Tolando Park was a middle-class suburb some 50 miles northwest of Grove Corner. Although he’d never been here before, the Tolando Park Magna-Mall was exactly what he knew he would find—a standard issue 20th century shopping center, open seven days a week, 52 weeks a year. Tolando Park, Illinois, Lebanon, Missouri, Horseshoe Bend, Arkansas—it didn’t matter where you went, you had two or three levels and the same basic layout under one roof. The three major department stores had only different names, not the merchandise. The not so special specialty stores had discount records and discount shoes and discount eyeglasses and discount jeans.

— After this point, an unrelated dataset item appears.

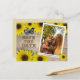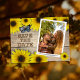 Adorable, rustic, sunflower design with blue butterfly on wood. Photo template on front and text templates on back for the details.

He was alert, all senses fully engaged, watching. With his hands in the pockets of his car coat, he ambled along in what seemed an aimless manner. Anyone paying attention to him would have thought: Here’s a guy killing time while his wife takes the Visa card to the limit, or, maybe he’s here to pick up his kid and the kid’s friends…

Here to pick up a kid,
said The Rat.

A few steps ahead, an ancient woman with parakeet legs stopped abruptly. He stopped just in time to avoid impaling himself on her shoulder blades, as she turned a smart right angle into the Hi-Standard Uniform Center.

At the entrance to the video arcade, snippets of strobe light and sirens shooting out, a punky girl (teen? pre-teen?) broke away from her loitering friends.

“Spare change?” She held her hand out, palm up. She wore mirrored sunglasses and an ancient, baggy pin-striped, man’s suit jacket; he could smell the damp wool. “Got any spare change?”